Data records:
============================================================
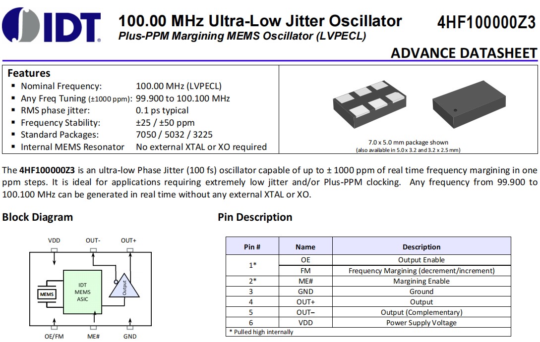 | 4HF100000Z3AACUGI | IDT晶振 | OSC MEMS 100.000MHZ LVPECL SMD | 4HF | 100MHz |
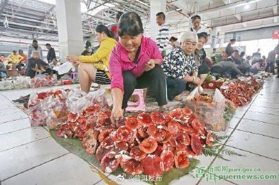 Since late July, large quantities of wild mushrooms have been on the market in Simao District, Pu’er City. In the Wuyi Market Fair, large quantities of wild mushrooms including Russula vinosa Lindblad, Lactarius volemus, Boletus and others are provided for the public to choose.
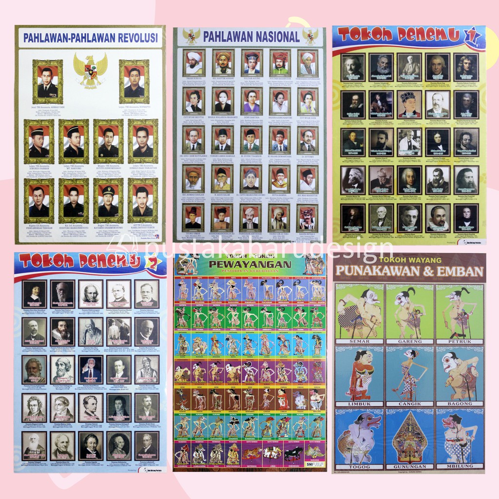 Poster Edukasi Anak / Gambar Edukasi Anak / Poster Anak Lembaran Tokoh Penemu Pahlawan Revolusi Nasional Pewayangan Punokawan Dan Emban
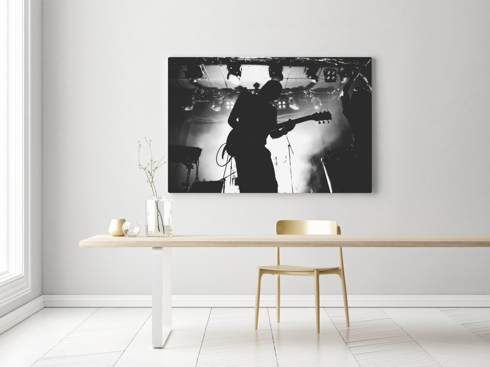 Dodaj energii swojej ścianie dzięki tej wyrazistej czarno-białej sylwetce gitarzysty, idealnej do stworzenia mocnej atmosfery.WięcejMniej
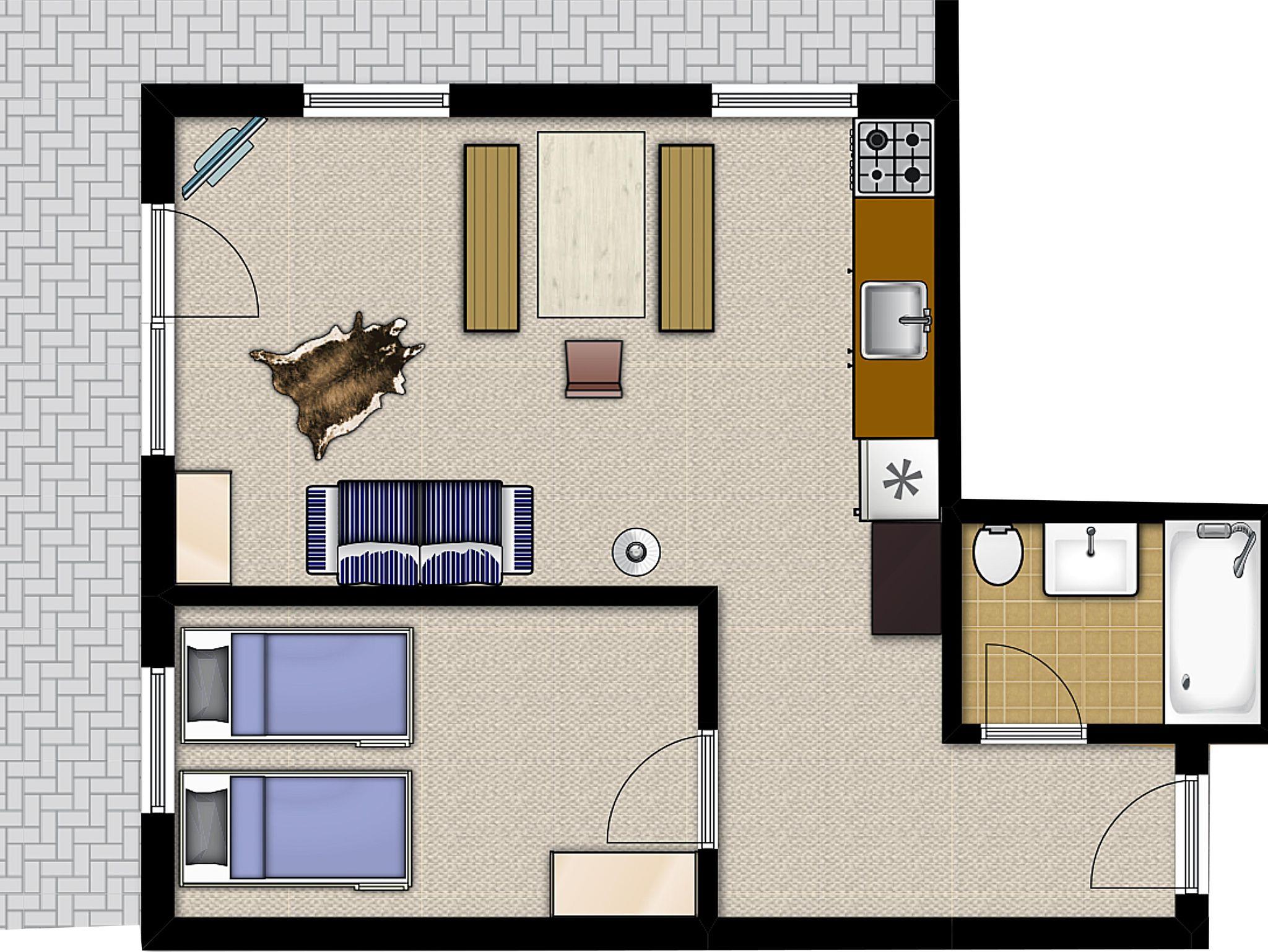 Gemütliches Appartement mit 50 qm Wohnfläche mit Schlafzimmer (2-bettig mit Zusatzbett), Wohnschlafzimmer, Bad/WC und Küche sowie Terrasse. Hochwertige Ausstattung. High-Speed-W-LAN & Flat-Screen TV mit Internetanbindung. Dieses Appartement bietet Platz für 2 - 5 Personen.
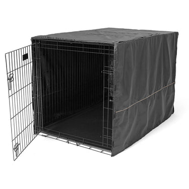 Offer your dog the privacy, security, and comfort they naturally seek and crave Designed to easily fit over MidWest Pet Crates Hook-and-loop fasteners keep the covers securely in place Covers provide access to crate doors, regardless of whether there are one, two, or three doors; suitable for both end and side openings Made from durable 100% polyester fabric that is safe for both washing and drying Stylish Black polyester complemented with Tan details Available in sizes 22, 24, 30, 36, 42, and 48 inches
============================================================
Exact repetition is the task: every line from the start of the data to the line with "Poster Edukasi Anak", inclusive, and none after it, pictures omitted.

- [EXPECTED ANSWER]:
 | 4HF100000Z3AACUGI | IDT晶振 | OSC MEMS 100.000MHZ LVPECL SMD | 4HF | 100MHz |
 Since late July, large quantities of wild mushrooms have been on the market in Simao District, Pu’er City. In the Wuyi Market Fair, large quantities of wild mushrooms including Russula vinosa Lindblad, Lactarius volemus, Boletus and others are provided for the public to choose.
 Poster Edukasi Anak / Gambar Edukasi Anak / Poster Anak Lembaran Tokoh Penemu Pahlawan Revolusi Nasional Pewayangan Punokawan Dan Emban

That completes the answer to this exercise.